Two classes of residents, a domiciliary resident and an actual resident, are set forth in Virginia Code § 58.1-302. The domiciliary residence of a person means the permanent place of residence of a taxpayer and the place to which he intends to return even though he may reside elsewhere. For a person to change domiciliary residency to another state or country, that person must intend to abandon his Virginia domicile with no intention of returning to Virginia. Concurrently, that person must acquire a new domicile where that person is physically present with the intention to remain there permanently or indefinitely. An actual resident of Virginia means a person who, for an aggregate of more than 183 days of the taxable year, maintained his place of abode within Virginia. A Virginia domiciliary resident, therefore, working in other parts of the country or in another country who has not abandoned his Virginia residency continues to be subject to Virginia taxation. Additionally, a person who is not a domiciliary resident of Virginia, but who stays in Virginia for an aggregate of more than 183 days is also subject to Virginia taxation.

In order to change from one legal domicile to another legal domicile, there must be (1) actual abandonment of the old domicile, coupled with an intent not to return to it, and (2) an acquisition of a new domicile at another place, which must be formed by personal presence and an intent to remain there permanently or indefinitely. The burden of proving that the domicile has been changed lies with the person alleging the change.

In determining domicile, consideration may be given to the individual’s expressed intent, conduct, and all attendant circumstances including, but not limited to, financial independence, profession or employment, income sources, residence of spouse, marital status, situs of real or tangible property, motor vehicle registration and licensing, and such other factors as may be reasonably deemed necessary to determine the person's domicile. A person’s true intention must be determined with reference to all the facts and circumstances of the particular case. A simple declaration is not sufficient to establish residency.

The Department determines a taxpayer’s intent through the information provided. A taxpayer has the burden of proving that he or she has abandoned his or her Virginia domicile. If the information is inadequate to meet this burden, the Department must conclude that he or she intended to remain indefinitely in Virginia.

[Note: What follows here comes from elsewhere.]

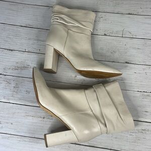 Marc Fisher Pointed Toe Slouchy Cream Ankle Boots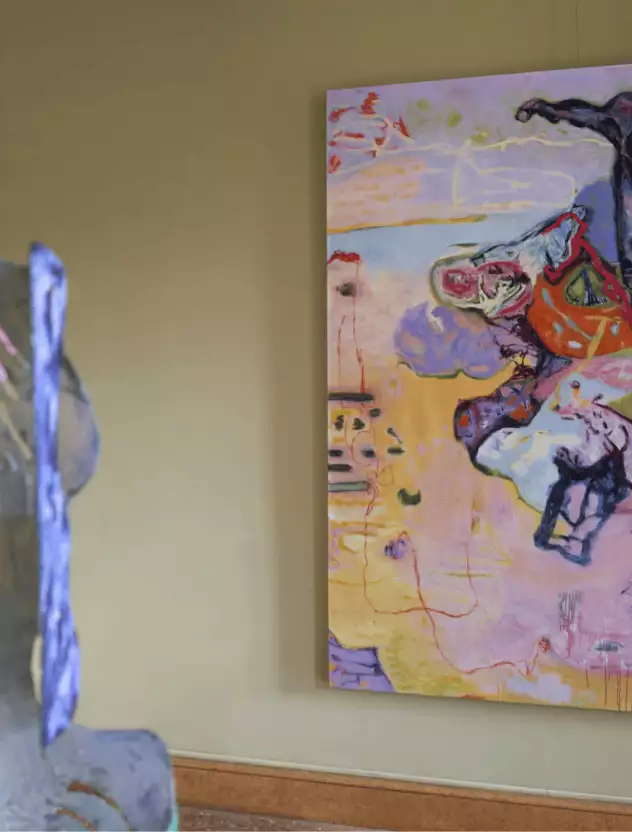 Sarah Dwyer: I am interested in where the familiar meets the extraordinary. I see humour in that tension— the smirk of the ridiculous just below the surface of banality. I allow surprise appendages and other suggestive forms to appear in my work, often mischievously camouflaged. For me, painting is where the physical meets the illusionary- it’s a space for play and crossover, where the knowing and the unknowing live side by side. There’s room for a spot of subversion.

The Taxpayer contends that he moved to California for employment in 2016. He resided in that state for nine months and filed a 2016 California return attributing all of his income to California. Prior to 2016, the Taxpayer was a Virginia resident. He obtained a Virginia license in 2013, which he continues to hold. In addition, the Taxpayer owned a home in Virginia to which he returned in 2017. 

Most domiciliary residents actually live in Virginia. However, actual presence in the state is not required. Any person who has not moved from the state with the intention of permanently residing outside of Virginia is still a domiciliary resident even though he may be actually living someplace else. See Title 23 of the Virginia Administrative Code (VAC) 10-110-30 B 3. 

Credit for Tax Paid to another State

Virginia Code § 58.1 332 A allows Virginia residents a credit on their Virginia return for income taxes paid to another state provided the income is either earned or business income. Further, this section states:

The credit . . . shall not be granted to a resident individual when the laws of another state, under which the income in question is subject to tax assessment, provide a credit to such resident individual substantially similar to that granted by . . . this section.

As a general rule, Virginia law does not allow a resident to claim a credit on his Virginia return for taxes paid to California because California law allows a Virginia resident to claim the credit on his California nonresident return. Similarly, a California resident would claim the credit for tax paid to California on his Virginia nonresident return. 

Pursuant to Cal. Rev. § 17016, any individual who spends more than nine months in California is presumed to be a California resident. The documentation provided by the Taxpayer indicates he spent more than nine months in California in 2016. Because of the length of time spent in California, the Taxpayer was subject to tax as a resident of California. At the same time, he maintained his Virginia domicile. 

The Department has determined that when California law does not permit a taxpayer to claim a credit for taxes paid to Virginia because of his residency status, the Taxpayer would be allowed to claim the credit on the Virginia resident individual income tax return. See Public Document (P.D.) 97-98 (2/24/1998) and P.D. 03-21 (3/20/2003). In the instant case, California law did not permit the Taxpayer to claim a credit on his individual income tax return for taxes paid to Virginia because the Taxpayer was regarded as a California resident. 

CONCLUSION

Because he resided temporarily in California, the Taxpayer continued to be a domiciliary resident of Virginia for in 2016. As such, the Taxpayer’s income was subject to Virginia income tax, and the Department was correct in issuing an assessment.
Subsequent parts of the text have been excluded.